Anthrax Anthrax is spread by spores, and those spores can survive in many environments, sometimes for years. There are three ways anthrax infects: breathing the spores, eating infected meat or having the spores get into cuts on the skin. Infection through inhalation is the most likely to kill, but anthrax is still quite dangerous. As the bacteria multiply in a person, they release toxins into the blood and tissues that cause swelling and cell death. Fatality rates are high, approaching 50 percent, even with treatment by antibiotics and 90 percent without that. It's not contagious, but a bomb can be made to spread the spores and infect many people at once. The spores can even be sent in the mail, as in the 2001 anthrax attacks. In those cases, envelopes containing anthrax spores were sent to several media outlets and the offices of two senators. Five people died and another 17 were infected. "Anthrax is great from the point of view that it is stable and not usually a suspect until it's too late to treat," Smith said. Anthrax produces symptoms that look like flu and unless there is a reason to think a person is infected, a doctor might not know to test for it. For a bioweapons manufacturer, however, the lack of person-to-person transmission means it needs to be released repeatedly. Anthrax is also vulnerable to antibiotics if caught early, though drug-resistant forms of it were experimented with in the United States until 1972 and the former USSR until the projects were abandoned in 1992. In 1942 the British government tested a strain of anthrax on an island in Scotland; decontamination didn't happen until 1990.

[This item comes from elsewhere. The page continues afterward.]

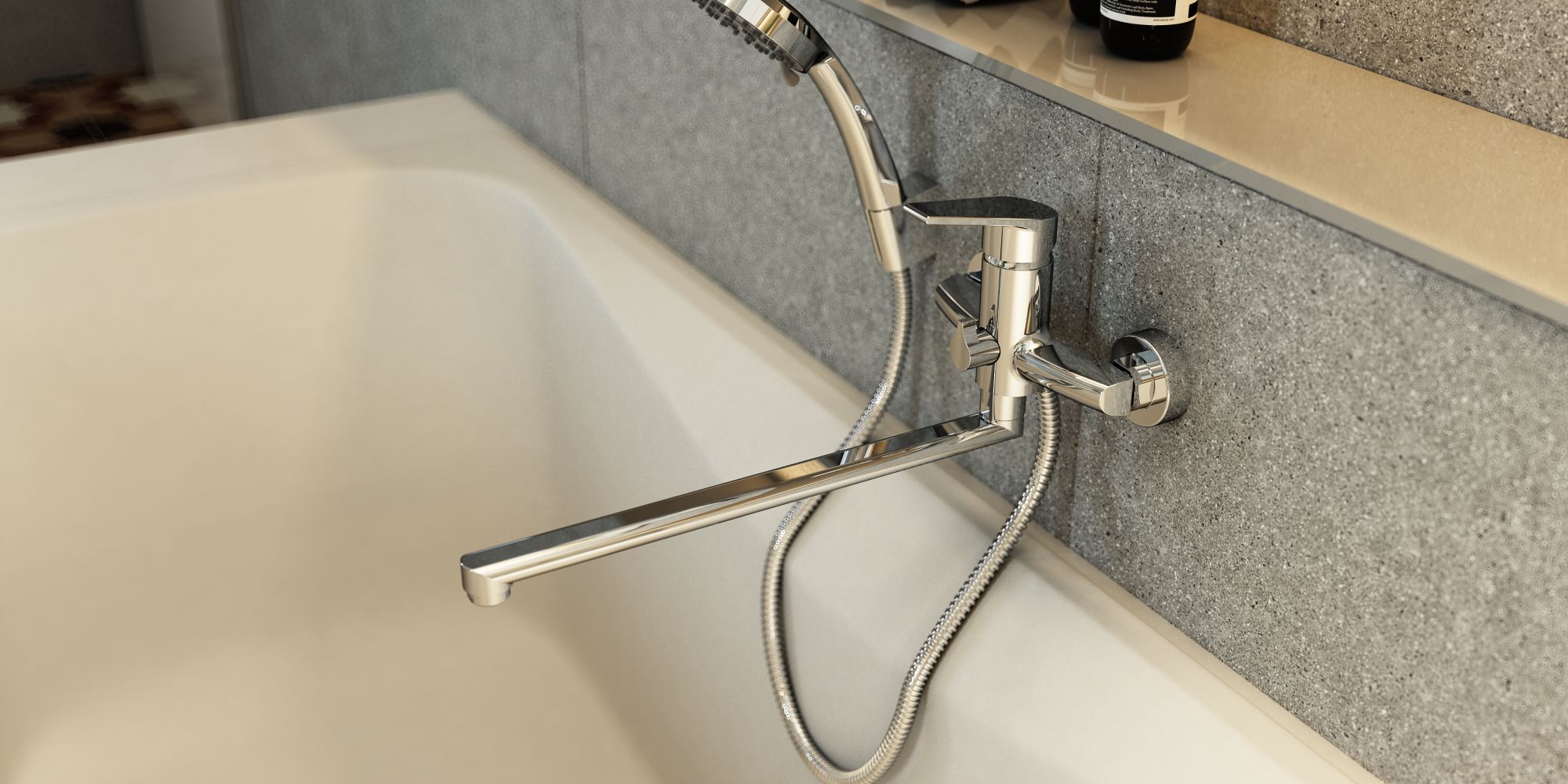 Для ванн с широким бортом или сложной формой ключевое значение имеет монтажное положение смесителя. Если он установлен на борту далеко от центра, длинный излив — необходимость.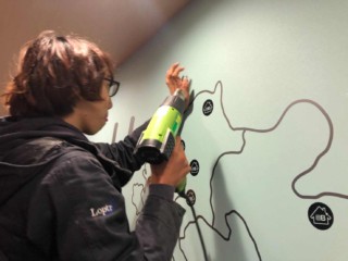 壁面に表面発光のサインを取り付けていきます。

Agricultural Pathogens As bad as pathogens are that kill people, those that attack animals or agriculture can have effects just as devastating. Rinderpest, which was declared wiped out in 2011, killed cattle at mortality rates of 100 percent, if the population had never been exposed previously. Hoof-and-mouth disease, caused by a virus in the genus Aphthovirus, remains active. It can infect cows, pigs, sheep and goats, and causes lesions on the feet and in the mouth. The mouth lesions sometimes keep animals from eating and the foot lesions can cause lameness. Some animals die from heart inflammation. It can be spread via contact with contaminated farming equipment, vehicles, clothing or feed. It also is carried by predators. During the 2001 outbreak in the United Kingdom, anyone traveling to the United States and Europe from there was asked to step onto a disinfectant pad to decontaminate their shoes, and livestock imports from Britain to the European Union were banned. The results were millions of animals being culled and billions of dollars in containment and lost business. To create mayhem, a terrorist could spray aerosols with the virus and devastate herds. "If someone would spray every herd he/she sees from a highway going from New York to San Francisco and then driving North-South (in the middle of the country), that would do it," said Peter Palese, chair of the department of Microbiology at the Mt. Sinai School of Medicine in New York. Other diseases could also become a problem, including H5N1 avian influenza, which infects the respiratory tracts and has a high mortality rate among chickens and poultry.